*To do*
Copy nothing but the text: reproduce each line of the listing exactly and leave the pictures out.

*Data segment*
──────────────────────────────

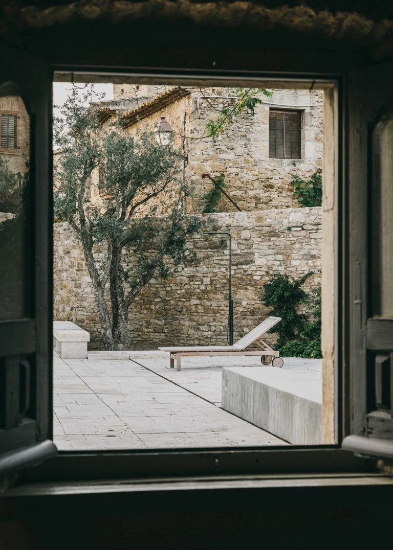 Sin duda, su castillo del siglo X es la herencia más importante de la villa. Un majestuoso edificio compuesto por varias construcciones que poseen un patio común. El estudio barcelonés Mesura recibió el encargo de hacer de espacio exterior un jardín con terraza para el relax de los huéspedes de la casa de verano anexa.
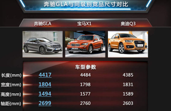 奔驰GLA作为一款定位在豪华紧凑型SUV市场的产品,奥迪Q3和宝马X1等与其同级别的车型将成为其主要竞争对手。在尺寸方面GLA的长/宽/高分别为4417mm/1804mm/1494mm,轴距则为2699mm,相比两位竞争对手而言,其处于中流位置。不过根据目前奔驰偏向运动的产品定位,这样的尺寸设计将为GLA带来更为灵活的驾控感受。(网通社 2014年10月27日 北京报道)
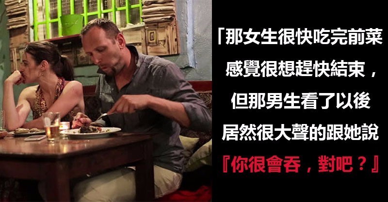 「那個女生很快就把開胃菜吃完了,我猜她是很想趕快結束這場約會。但男的居然還很大聲的跟她說:『恩,至少我知道你會吞東西,對吧?』那女生的臉立刻泛紅,並且跟他說這樣說話非常失禮,但那男的居然只是比出『噓』的動作,並回應:『喔,冷靜一點,反正我幾個小時內也會發現。』」
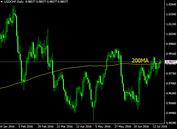 “美元/瑞郎在200日均线附近震荡,日图RSI指标的分歧暗示短期内倾向于震荡整理。”

──────────────────────────────

*Finished exercise*
 Sin duda, su castillo del siglo X es la herencia más importante de la villa. Un majestuoso edificio compuesto por varias construcciones que poseen un patio común. El estudio barcelonés Mesura recibió el encargo de hacer de espacio exterior un jardín con terraza para el relax de los huéspedes de la casa de verano anexa.
 奔驰GLA作为一款定位在豪华紧凑型SUV市场的产品,奥迪Q3和宝马X1等与其同级别的车型将成为其主要竞争对手。在尺寸方面GLA的长/宽/高分别为4417mm/1804mm/1494mm,轴距则为2699mm,相比两位竞争对手而言,其处于中流位置。不过根据目前奔驰偏向运动的产品定位,这样的尺寸设计将为GLA带来更为灵活的驾控感受。(网通社 2014年10月27日 北京报道)
 「那個女生很快就把開胃菜吃完了,我猜她是很想趕快結束這場約會。但男的居然還很大聲的跟她說:『恩,至少我知道你會吞東西,對吧?』那女生的臉立刻泛紅,並且跟他說這樣說話非常失禮,但那男的居然只是比出『噓』的動作,並回應:『喔,冷靜一點,反正我幾個小時內也會發現。』」
 “美元/瑞郎在200日均线附近震荡,日图RSI指标的分歧暗示短期内倾向于震荡整理。”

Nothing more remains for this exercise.